For cattle owner Kylie Thatcher, the ongoing drought ravaging Australia’s east hasn’t left her in financial ruin like thousands of other farmers.
But that didn’t make it any less heartbreaking for the Queenslander when she was left with no choice but to sell her cattle after the struggle to keep them alive became too much.
Taking to Facebook last week, she announced that she was forced to say goodbye to 16 of her cows as their suffering had no end in sight.
“Some [of the cattle] we’ve had from babies,” she told Yahoo News Australia.
“For me it's the attachment you make with them... the trust they have in you that you’re there everyday 24/7 to make sure they have feed and water.
“To do this for years and to have to watch that truck drive away... you have no words to explain. It really is so bad.”
‘They can’t survive on dirt’
She said her family had battled for three years to keep their cattle at their Kabra estate, west of Rockhampton, but as their grassy land slowly became barren, there was no hope left.
“Unfortunately they can’t survive on dirt,” Ms Thatcher said.
And while she called it the “hardest decision ever”, Ms Thatcher said it’s the famers who are on the brink of losing everything that need support more than herself as the drought continues to bite.
It’s an admirable mindset all too common across NSW and Queensland, with many, who’ve experienced lows most will never come close to, often selflessly saying there’s others who need assistance more than they do.
Central Coast volunteer Melissa Turner told Yahoo News Australia last month that she’s seen the devastation the drought is causing first hand as she and others regularly transport donated goods inland to those in need.
“They’re very appreciative of all we are doing, but are reluctant to accept help often, saying there’s always someone else worse off,” she revealed.
Ms Thatcher has become restless with the little action done to protect the farming industry and said the ongoing struggle needs immediate action and to be turned back around on state governments.
“They put a great show in the media of how they visit farmers and spend a day [in drought-affected areas],” she said.
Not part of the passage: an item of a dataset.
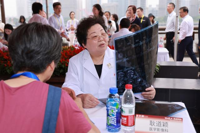 义诊现场,华山医院专家查看影像资料,为市民提供医疗咨询服务。

“But how many of them have actually been there when you have no choice but to put a bullet in your animals as they get to the point of no return?”
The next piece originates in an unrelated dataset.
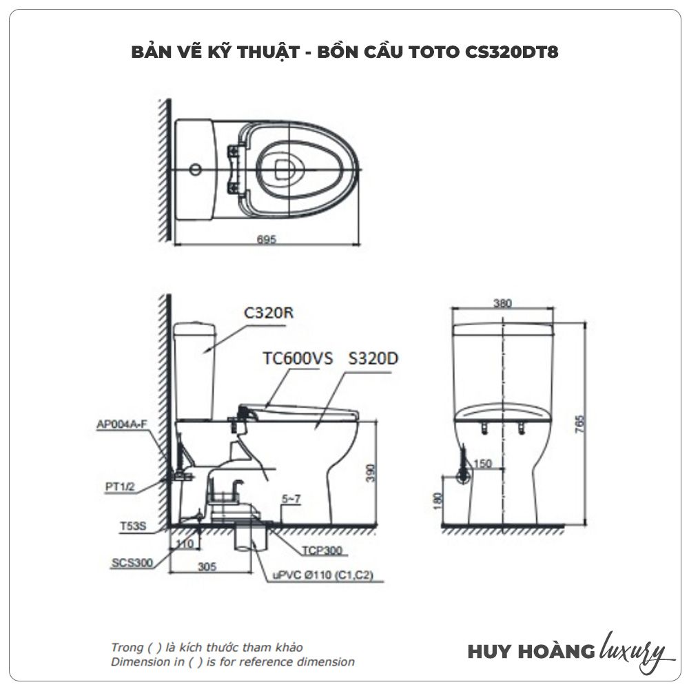 | Kết cấu | Thân cầu: C320R Két nước: S320D Nắp bồn cầu: TC600VS |

Federal water minister hits out at state governments
It is a sentiment that was echoed earlier this month by Federal Water Minister David Littleproud who lashed out at state governments for taking a back seat at the vital time.
Mr Littleproud said states had failed to plan in delivering water security, which he stressed is not a federal government responsibility.
"The states are doing three-fifths of bugger all in terms of building infrastructure to supply urban water as well as agricultural water," he told reporters in the South Australian town of Renmark last Sunday.
"We have to hold them to account."
Mr Littleproud questioned what eastern states had been doing.
"They've abrogated their responsibility on so many occasions," he said.
"They use us as their ATM when they hit a problem but they don't deserve sometimes to have the responsibility they have."
He said the federal government had made billions available to states for water infrastructure projects, such as dams, to deliver drought-proofing and environmental outcomes.
Of 19 dams built nationally since 2003, 16 have been in Tasmania.
Lack of water to fight bushfires
As a handful of the worst hit towns reach ‘Day Zero’, several in NSW and Queensland are facing a separate catastrophe in raging bushfires that have destroyed at least three homes.
Residents who used their own tank water to fight bushfires raging in the state have been assured it will be replaced by the government.
Above-ground water supplies in the border town of Stanthorpe were due to run out by the end of the year unless there was further rainfall, before fires hit the region on Friday.
Many dams in the Southern Downs region were dry before bushfires broke out and some residents used or gave firefighters access to their own precious water to keep flames at bay.
"We've heard of people who've had to empty their tanks or some of their tank's [drinking water] to help fight fires," says Stanthorpe woman Trish Cuthbert.
"The whole community is hurting. It's horrendous.
"Everyone is chipping in where they can, bringing food to the showground to feed the firies, donating time and water."